#### ABOUT THIS TASK:
Once the line holding "在今年9月份的时候,苹果封锁" is found in the entries below, transcribe exactly every line up to and including the one holding "4- امكانية كتابة", but leave out the pictures.

#### GIVEN RECORDS:
________________________

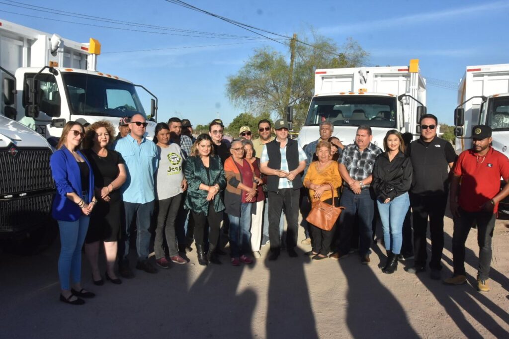 Cuatro nuevos vehículos para la recolección de basura en la ciudad, entregó el alcalde Jorge Alberto Elías Retes a la Secretaría de Servicios Públicos e Imagen Urbana, en un evento realizado ante residentes de la colonia Sonora, al oriente.
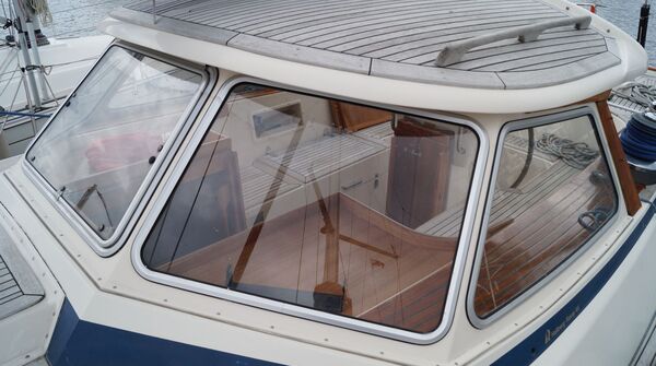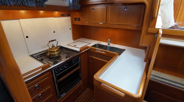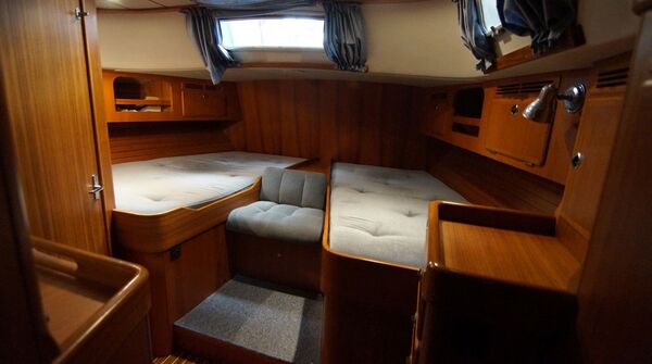 2 Kabinen-Layout mit Koje und Schränken im Durchgang zur Vorschiffskabine und optionaler Ausbau in Burma-Teak. Tiefkiel-Version (Tiefgang: ca. 2,30 m), Bugstrahlruder, elektrische Genauwinschen und VOLVO PENTA TAMD31S (100 PS/74 KW). Liegeplatz: Kieler Förde.
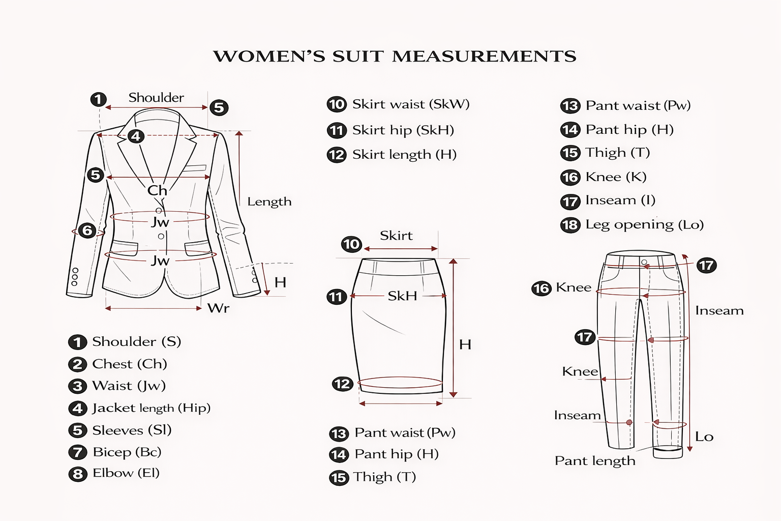 Measurements include Coat, Skirt, and Trousers for complete 3-piece accuracy.
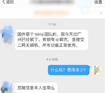 在今年9月份的时候,苹果封锁了黑解的激活方式,断了不少奸商的财路。万万没想到的是,利用这个可以越狱的漏洞,「黑解」iPhone居然又再次死灰复燃了。根据网友曝光,一个名为「Mina」的团队,以此为突破口绕过了苹果官方的ID锁,从而实现变相的「黑解」,并且收取一次性几百块钱的费用。
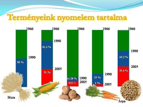 Az alábbi ábra mutatja, hogy 1966 - 2005 között hogyan változtak a tápanyag-értékek.
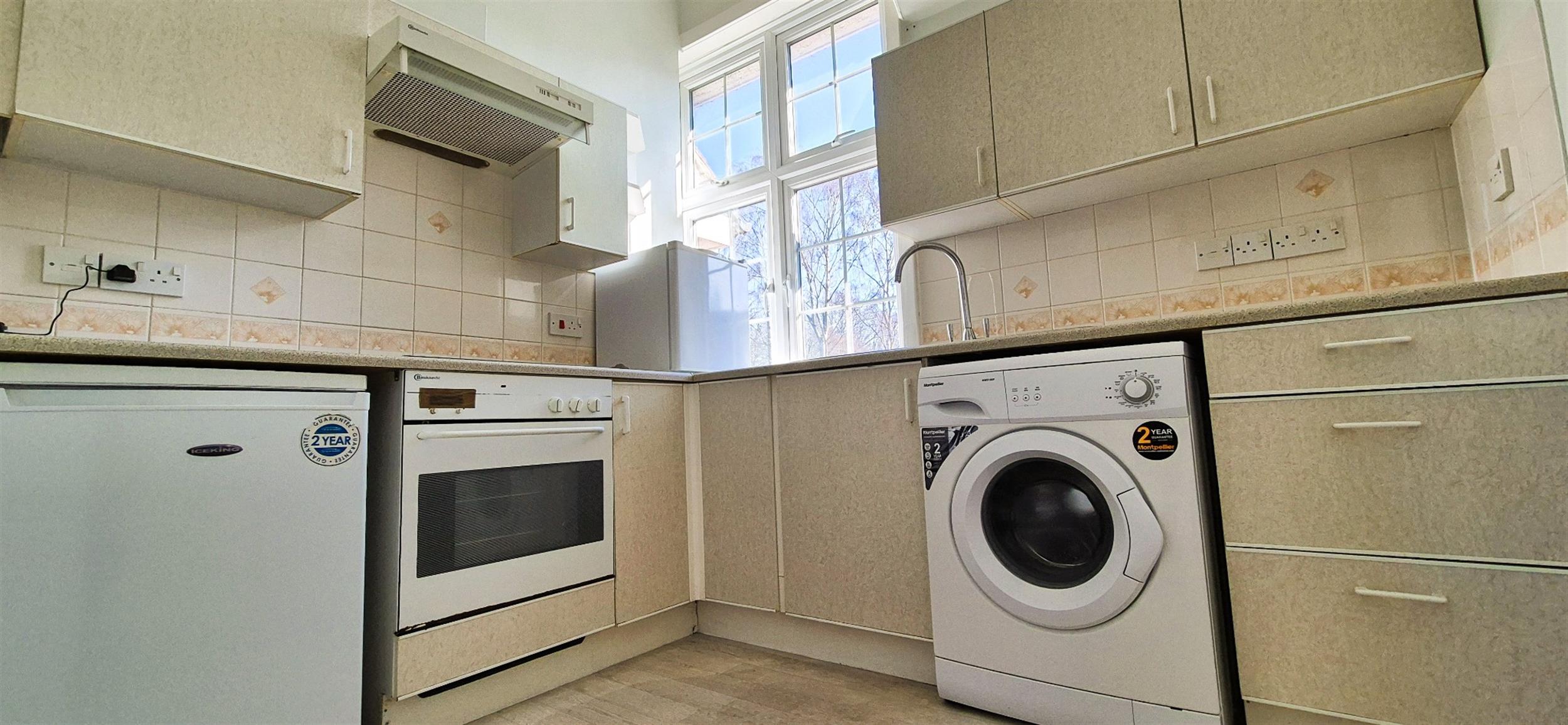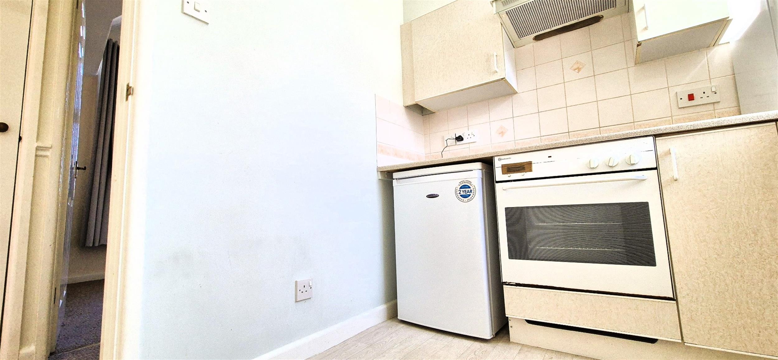 KITCHEN: Wall and base units. Window to rear. Appliances consisting of: electric hob, electric oven, fridge with small freezer box, washing machine and small freezer.
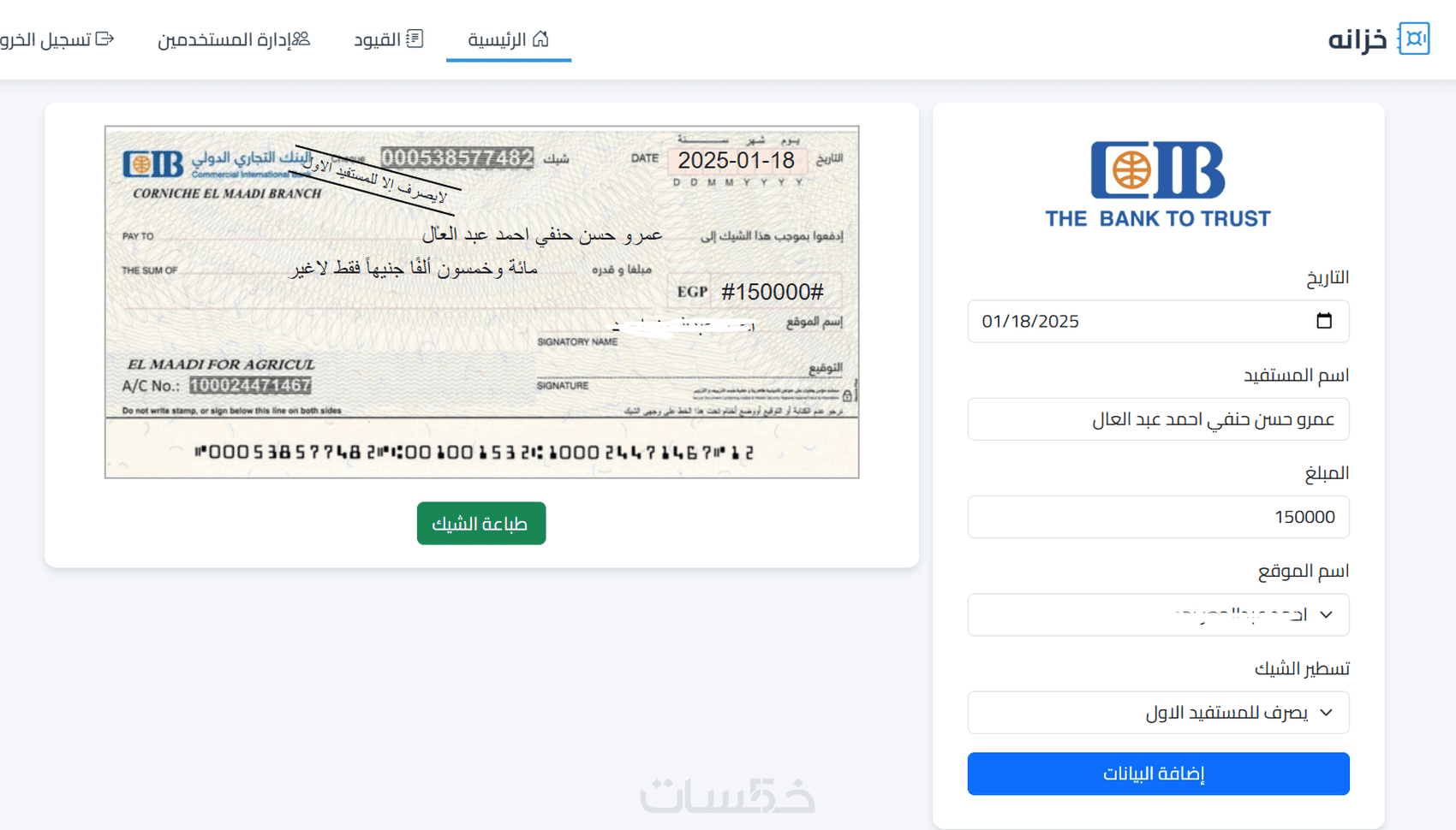 4- امكانية كتابة بيانات الشيكات البنكية وطباعتها على اوراق الشيك المعتمدة يمكنك اضافة الى 5 بنوك
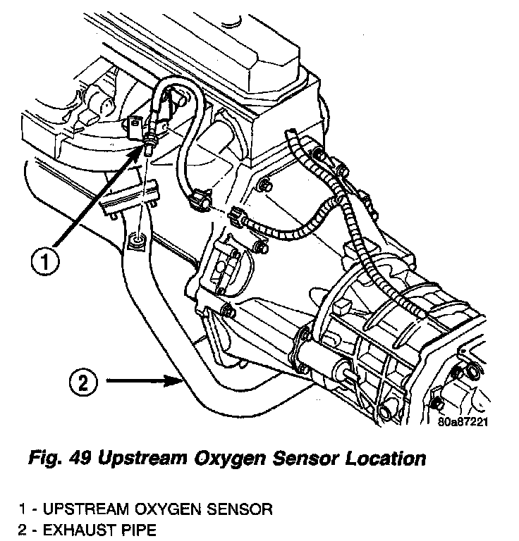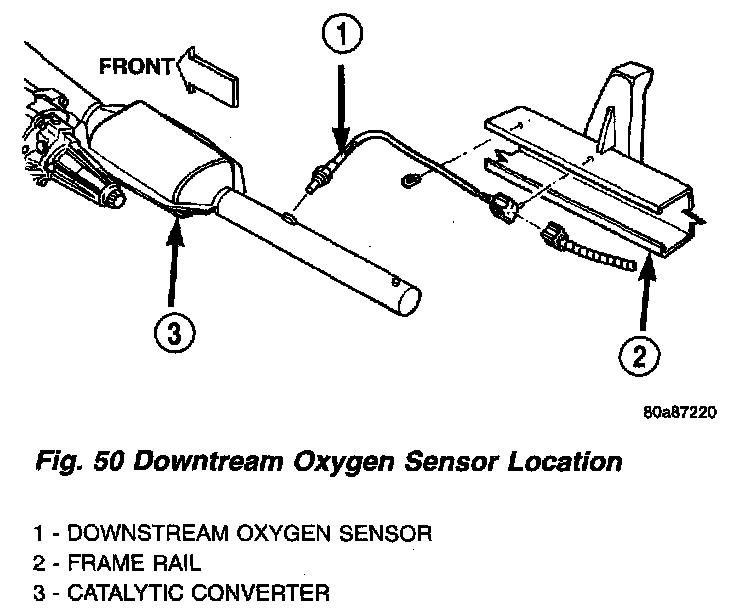 The upstream O2S sensor is located in the exhaust downpipe. The downstream sensor is located near outlet end of catalytic converter.

________________________

#### TASK OUTPUT:
 在今年9月份的时候,苹果封锁了黑解的激活方式,断了不少奸商的财路。万万没想到的是,利用这个可以越狱的漏洞,「黑解」iPhone居然又再次死灰复燃了。根据网友曝光,一个名为「Mina」的团队,以此为突破口绕过了苹果官方的ID锁,从而实现变相的「黑解」,并且收取一次性几百块钱的费用。
 Az alábbi ábra mutatja, hogy 1966 - 2005 között hogyan változtak a tápanyag-értékek.
 KITCHEN: Wall and base units. Window to rear. Appliances consisting of: electric hob, electric oven, fridge with small freezer box, washing machine and small freezer.
 4- امكانية كتابة بيانات الشيكات البنكية وطباعتها على اوراق الشيك المعتمدة يمكنك اضافة الى 5 بنوك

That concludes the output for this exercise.